Taylor’s hand went to his forehead. “You’re not hot.” He grinned; Umbria Starstarter thought he was molten lava. Taylor pinched his cheek. “Did you get any action this trip?”
He pushed his plate away and turned on the stool to face her. “Why would I answer that?” The bar had filled up in the time he’d taken to eat. There was a low-level buzz of chatter, the occasional shriek of laughter. He had to go get changed in a minute if he was going to bother. He could go on in his jeans, but bloody Sam had stretched the neck of his t, and Taylor had changed so he should make the effort.
She put her hand over his where it lay on the bar. “I think you’re lonely.”
He flipped his hand and clasped hers briefly before putting it back on the bar top. “Christ, where’s that coming from?”
“Just a thought.”
Just a thought that was going to make it harder to get her to accept the idea of moving in with him. It’d virtually convince her she was right if he asked now. “Umbria wanted me.”
“They all want you.” Taylor’s voice was all it’s hard to believe but true. “Was she as sexy as she sounds?”
“We only did two sessions in the studio together.” Umbria had wanted to go all method on his Captain Vox ass, ten minutes after they were introduced. “She was interesting.”
“Is that code for old, fat and
ugly?”
He laughed. “She was one of those instant clingy ones.”
Taylor put a glass of water in his hand. “Oh, you hate that.”
He shivered. It was an occupational hazard and he did hate it. “The only one allowed to cling to me is you, Tay.”
“But one day you’re going to want someone else to cling to you.”
He sipped the water and the ice in it made him cough. “Meanwhile I’ll stick to the non-cling variety.” By which they both knew he meant women happy to sign up for a good time, not a long time. He held out his hand and she took it. “I need to change.”
She went with him behind the bar and into the room they used as a green room. Sam and Jamie were already there. Still short-staffed, Angus stayed behind the bar pouring beers.
He ditched his jeans and t for black tailored pants and a white dress shirt, no tie, couple of buttons left undone and the sleeves rolled up. It was what he usually wore on stage. Taylor tousled his hair with gel and he donned his shades.

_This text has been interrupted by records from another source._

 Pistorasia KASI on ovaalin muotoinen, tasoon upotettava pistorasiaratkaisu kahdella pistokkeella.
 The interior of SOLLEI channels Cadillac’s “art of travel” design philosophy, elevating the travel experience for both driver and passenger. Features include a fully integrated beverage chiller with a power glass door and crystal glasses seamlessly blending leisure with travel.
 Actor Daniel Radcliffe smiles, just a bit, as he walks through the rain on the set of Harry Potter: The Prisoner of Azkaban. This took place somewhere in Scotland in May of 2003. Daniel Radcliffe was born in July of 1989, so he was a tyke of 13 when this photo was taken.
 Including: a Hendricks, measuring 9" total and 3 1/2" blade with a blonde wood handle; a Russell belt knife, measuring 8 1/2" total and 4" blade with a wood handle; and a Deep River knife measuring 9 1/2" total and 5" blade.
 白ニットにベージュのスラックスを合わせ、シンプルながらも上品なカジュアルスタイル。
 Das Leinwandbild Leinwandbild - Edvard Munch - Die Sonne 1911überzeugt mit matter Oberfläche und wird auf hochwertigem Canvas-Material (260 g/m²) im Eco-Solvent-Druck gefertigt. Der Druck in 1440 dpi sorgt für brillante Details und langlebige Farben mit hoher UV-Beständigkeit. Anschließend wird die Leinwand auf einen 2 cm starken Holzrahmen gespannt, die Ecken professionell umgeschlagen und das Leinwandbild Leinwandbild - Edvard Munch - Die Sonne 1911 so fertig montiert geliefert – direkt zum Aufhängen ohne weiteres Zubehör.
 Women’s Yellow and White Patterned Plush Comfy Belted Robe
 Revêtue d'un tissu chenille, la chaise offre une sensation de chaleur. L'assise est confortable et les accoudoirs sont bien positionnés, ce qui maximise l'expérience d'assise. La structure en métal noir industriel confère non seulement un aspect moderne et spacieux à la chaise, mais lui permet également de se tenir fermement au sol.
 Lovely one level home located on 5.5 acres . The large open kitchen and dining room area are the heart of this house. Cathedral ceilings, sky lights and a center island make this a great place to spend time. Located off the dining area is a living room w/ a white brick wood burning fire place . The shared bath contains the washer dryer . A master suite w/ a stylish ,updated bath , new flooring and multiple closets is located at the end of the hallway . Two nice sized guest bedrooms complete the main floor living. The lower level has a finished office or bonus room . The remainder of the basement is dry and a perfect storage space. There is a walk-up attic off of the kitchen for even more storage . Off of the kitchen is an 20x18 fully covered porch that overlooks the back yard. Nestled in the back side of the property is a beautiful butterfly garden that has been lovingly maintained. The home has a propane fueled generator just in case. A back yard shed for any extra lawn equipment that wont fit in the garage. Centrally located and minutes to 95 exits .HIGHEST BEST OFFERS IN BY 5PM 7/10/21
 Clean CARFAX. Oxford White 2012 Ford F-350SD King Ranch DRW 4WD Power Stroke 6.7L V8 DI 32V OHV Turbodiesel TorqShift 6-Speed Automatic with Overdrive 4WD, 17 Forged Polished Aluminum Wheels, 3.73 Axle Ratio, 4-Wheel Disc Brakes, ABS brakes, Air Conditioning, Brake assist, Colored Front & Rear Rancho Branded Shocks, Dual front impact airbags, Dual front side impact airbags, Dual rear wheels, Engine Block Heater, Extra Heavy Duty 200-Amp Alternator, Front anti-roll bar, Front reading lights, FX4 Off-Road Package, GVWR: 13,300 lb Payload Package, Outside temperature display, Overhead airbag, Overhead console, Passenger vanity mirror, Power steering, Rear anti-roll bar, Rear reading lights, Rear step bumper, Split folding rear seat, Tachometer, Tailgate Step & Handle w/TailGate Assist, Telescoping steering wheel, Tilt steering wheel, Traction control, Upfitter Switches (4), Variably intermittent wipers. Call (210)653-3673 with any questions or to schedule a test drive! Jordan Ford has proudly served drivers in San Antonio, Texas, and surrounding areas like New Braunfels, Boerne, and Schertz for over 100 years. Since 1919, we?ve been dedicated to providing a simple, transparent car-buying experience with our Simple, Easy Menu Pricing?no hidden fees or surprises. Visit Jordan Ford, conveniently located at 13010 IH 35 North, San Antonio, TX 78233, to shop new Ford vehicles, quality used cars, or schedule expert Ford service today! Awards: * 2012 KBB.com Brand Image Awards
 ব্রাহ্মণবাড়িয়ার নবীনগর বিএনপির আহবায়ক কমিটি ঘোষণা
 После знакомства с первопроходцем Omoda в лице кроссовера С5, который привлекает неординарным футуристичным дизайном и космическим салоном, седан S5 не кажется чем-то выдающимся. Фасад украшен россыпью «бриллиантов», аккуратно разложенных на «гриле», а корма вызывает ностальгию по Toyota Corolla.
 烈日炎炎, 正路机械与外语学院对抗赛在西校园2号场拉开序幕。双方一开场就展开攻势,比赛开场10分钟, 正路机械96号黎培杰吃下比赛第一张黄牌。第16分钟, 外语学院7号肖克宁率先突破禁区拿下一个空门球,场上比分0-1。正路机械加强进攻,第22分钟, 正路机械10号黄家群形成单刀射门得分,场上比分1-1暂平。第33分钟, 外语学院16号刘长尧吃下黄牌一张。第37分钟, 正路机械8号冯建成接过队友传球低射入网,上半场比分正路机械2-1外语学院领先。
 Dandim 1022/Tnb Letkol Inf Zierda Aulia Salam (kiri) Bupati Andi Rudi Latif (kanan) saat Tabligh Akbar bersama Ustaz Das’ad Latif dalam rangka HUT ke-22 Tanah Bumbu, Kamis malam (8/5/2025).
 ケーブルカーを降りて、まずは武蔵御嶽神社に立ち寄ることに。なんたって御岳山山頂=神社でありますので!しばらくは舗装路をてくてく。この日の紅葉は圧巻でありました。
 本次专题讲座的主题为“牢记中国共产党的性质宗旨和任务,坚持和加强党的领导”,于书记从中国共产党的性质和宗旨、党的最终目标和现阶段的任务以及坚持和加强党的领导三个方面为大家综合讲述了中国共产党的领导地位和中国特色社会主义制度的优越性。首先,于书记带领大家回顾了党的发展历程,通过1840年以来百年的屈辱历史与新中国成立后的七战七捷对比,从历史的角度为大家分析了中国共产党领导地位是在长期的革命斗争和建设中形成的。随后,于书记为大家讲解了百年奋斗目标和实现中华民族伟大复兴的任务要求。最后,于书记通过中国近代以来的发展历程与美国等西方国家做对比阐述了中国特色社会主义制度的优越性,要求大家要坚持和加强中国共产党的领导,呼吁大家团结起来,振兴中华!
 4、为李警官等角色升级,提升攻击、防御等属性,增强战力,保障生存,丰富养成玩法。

“The Voice is ready,” he announced to the room and got no reply. Bastards. The three of them were breathing, the least they could do was laugh.
Angus came in smacking his hands together. “Full house out there. Had to call Heather to come help in the kitchen.”
“You’ll be on the couch tonight,” said Jamie.
“Can’t be a shock,” said Taylor.
Angus grunted. “How the fuck am I supposed to get reliable staff? I hate having to call on her.” He was genuinely upset.
“What have I missed?”
“Ah crap, Damon. I promised she wouldn’t have to work nights anymore while she’s studying.”
“She got in. Man, why didn’t you tell me?” Damon stood and they hugged. Two years Heather had been trying to get into uni to study law as a mature age student. “Where is she? I need a hug.”